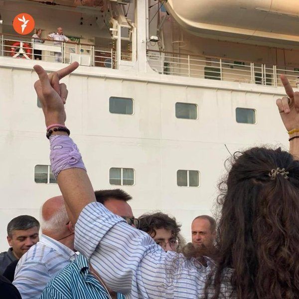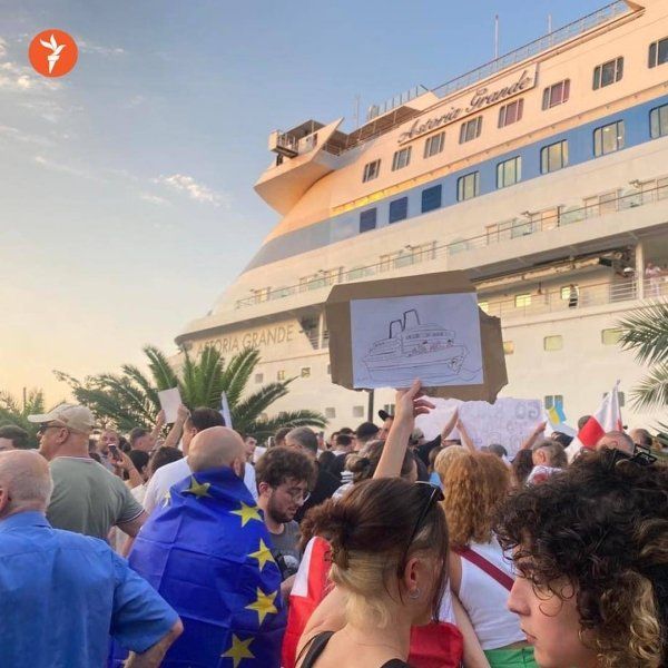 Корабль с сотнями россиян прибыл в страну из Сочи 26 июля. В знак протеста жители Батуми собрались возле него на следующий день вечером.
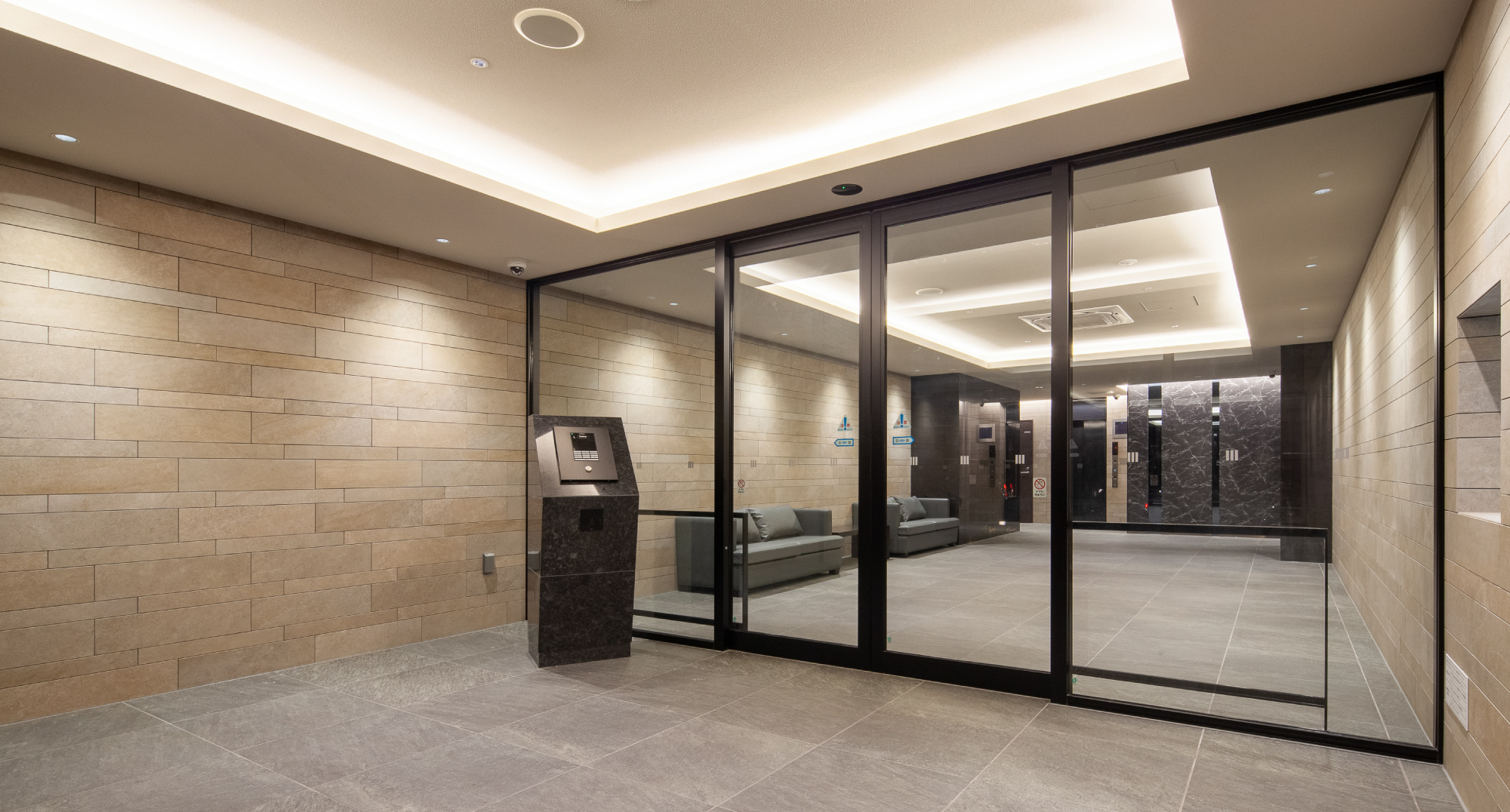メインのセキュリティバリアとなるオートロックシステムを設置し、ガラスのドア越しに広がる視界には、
* * *
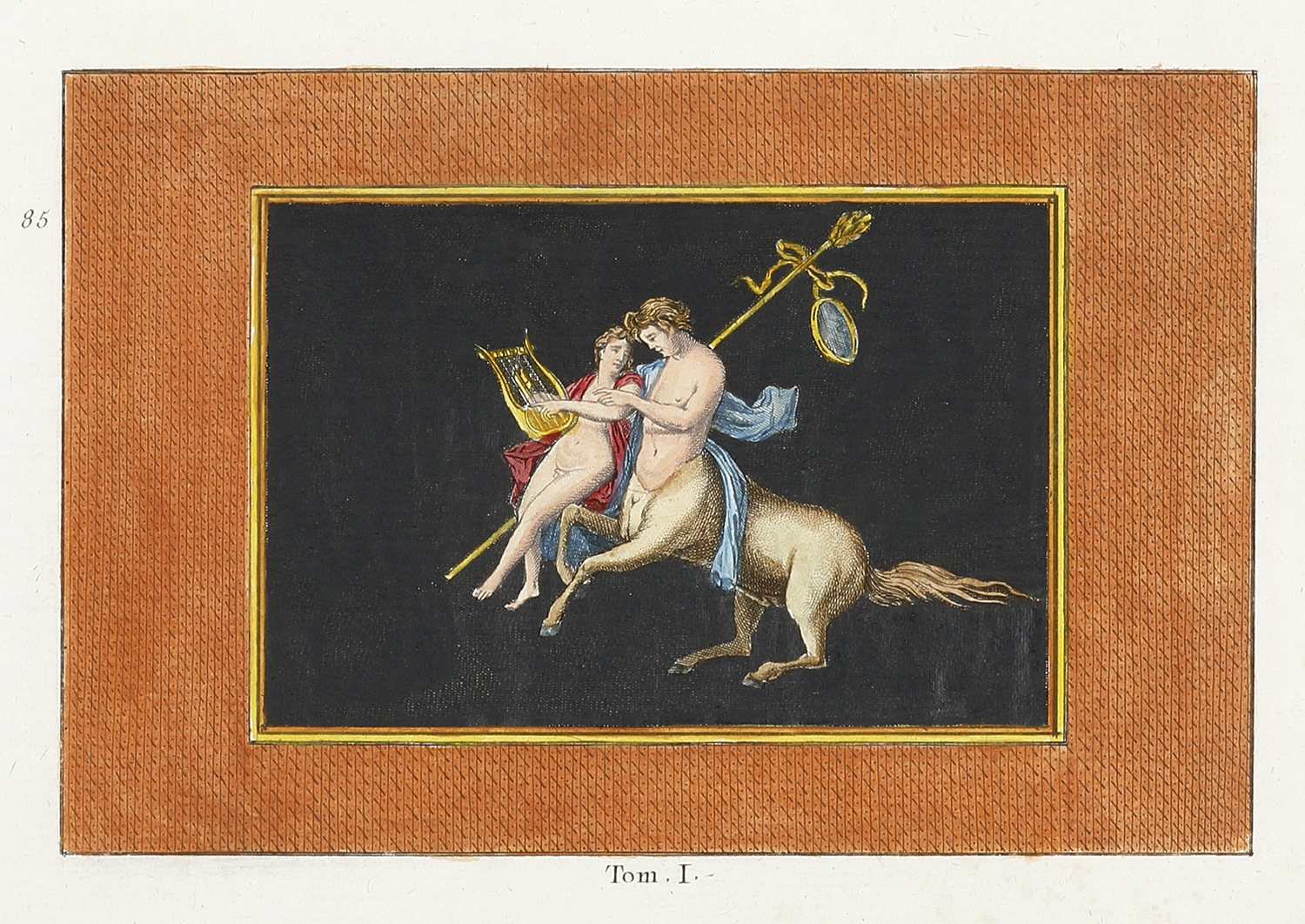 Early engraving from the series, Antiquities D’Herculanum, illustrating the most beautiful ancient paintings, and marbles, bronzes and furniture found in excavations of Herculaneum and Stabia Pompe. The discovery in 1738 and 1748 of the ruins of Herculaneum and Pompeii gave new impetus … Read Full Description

**WORK REQUIRED**
Everything between and including the line above containing "Корабль с сотнями" and the line containing "メインのセキュリティバリアと" should be reproduced exactly, with pictures excluded.

**RESULT BELOW**
 Корабль с сотнями россиян прибыл в страну из Сочи 26 июля. В знак протеста жители Батуми собрались возле него на следующий день вечером.
メインのセキュリティバリアとなるオートロックシステムを設置し、ガラスのドア越しに広がる視界には、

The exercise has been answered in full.